§ What is needed
From the records below, please repeat exactly the line that has "Чехол на Xiaomi", the line that has "CCC試驗(yàn)報告(2", and every line between them, and nothing else.

[Items from a dataset]

################

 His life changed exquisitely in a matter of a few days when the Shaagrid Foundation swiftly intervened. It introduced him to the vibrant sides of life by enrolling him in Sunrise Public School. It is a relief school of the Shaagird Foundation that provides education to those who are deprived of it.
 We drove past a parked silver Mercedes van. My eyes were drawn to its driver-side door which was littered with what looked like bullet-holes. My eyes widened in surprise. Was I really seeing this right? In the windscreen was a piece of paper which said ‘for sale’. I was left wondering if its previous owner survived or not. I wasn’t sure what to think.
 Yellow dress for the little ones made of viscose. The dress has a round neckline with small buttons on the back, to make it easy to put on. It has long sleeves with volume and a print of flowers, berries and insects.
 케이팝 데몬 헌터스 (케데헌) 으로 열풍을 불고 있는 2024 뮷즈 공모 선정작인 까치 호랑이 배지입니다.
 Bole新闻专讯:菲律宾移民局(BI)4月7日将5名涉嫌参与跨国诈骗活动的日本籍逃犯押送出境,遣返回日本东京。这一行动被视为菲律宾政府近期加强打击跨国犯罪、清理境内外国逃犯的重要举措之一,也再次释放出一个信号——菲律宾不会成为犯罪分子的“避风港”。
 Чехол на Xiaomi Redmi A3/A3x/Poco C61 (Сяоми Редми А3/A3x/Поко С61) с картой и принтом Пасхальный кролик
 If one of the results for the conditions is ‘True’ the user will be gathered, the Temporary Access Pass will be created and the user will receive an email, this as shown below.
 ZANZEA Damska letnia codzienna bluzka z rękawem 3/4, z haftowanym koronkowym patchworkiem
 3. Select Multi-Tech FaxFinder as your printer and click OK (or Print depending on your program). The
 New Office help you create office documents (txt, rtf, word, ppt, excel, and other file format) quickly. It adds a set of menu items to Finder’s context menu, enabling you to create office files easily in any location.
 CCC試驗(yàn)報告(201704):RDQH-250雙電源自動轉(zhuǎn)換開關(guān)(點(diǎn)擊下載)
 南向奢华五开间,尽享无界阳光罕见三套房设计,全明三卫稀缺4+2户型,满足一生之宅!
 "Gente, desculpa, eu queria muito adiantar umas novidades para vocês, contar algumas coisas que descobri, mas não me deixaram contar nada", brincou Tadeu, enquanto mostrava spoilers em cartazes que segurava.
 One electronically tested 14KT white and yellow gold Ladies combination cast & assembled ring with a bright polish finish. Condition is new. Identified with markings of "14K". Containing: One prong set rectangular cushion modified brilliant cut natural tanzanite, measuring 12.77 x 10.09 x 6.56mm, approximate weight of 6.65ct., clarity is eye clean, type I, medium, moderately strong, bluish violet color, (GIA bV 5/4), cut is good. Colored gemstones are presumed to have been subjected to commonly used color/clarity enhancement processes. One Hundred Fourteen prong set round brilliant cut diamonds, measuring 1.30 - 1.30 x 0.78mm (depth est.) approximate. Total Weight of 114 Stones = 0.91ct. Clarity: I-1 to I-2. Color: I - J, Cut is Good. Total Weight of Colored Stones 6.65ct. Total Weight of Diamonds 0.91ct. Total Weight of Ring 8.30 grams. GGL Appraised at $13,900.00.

################

§ Result of the exercise
 Чехол на Xiaomi Redmi A3/A3x/Poco C61 (Сяоми Редми А3/A3x/Поко С61) с картой и принтом Пасхальный кролик
 If one of the results for the conditions is ‘True’ the user will be gathered, the Temporary Access Pass will be created and the user will receive an email, this as shown below.
 ZANZEA Damska letnia codzienna bluzka z rękawem 3/4, z haftowanym koronkowym patchworkiem
 3. Select Multi-Tech FaxFinder as your printer and click OK (or Print depending on your program). The
 New Office help you create office documents (txt, rtf, word, ppt, excel, and other file format) quickly. It adds a set of menu items to Finder’s context menu, enabling you to create office files easily in any location.
 CCC試驗(yàn)報告(201704):RDQH-250雙電源自動轉(zhuǎn)換開關(guān)(點(diǎn)擊下載)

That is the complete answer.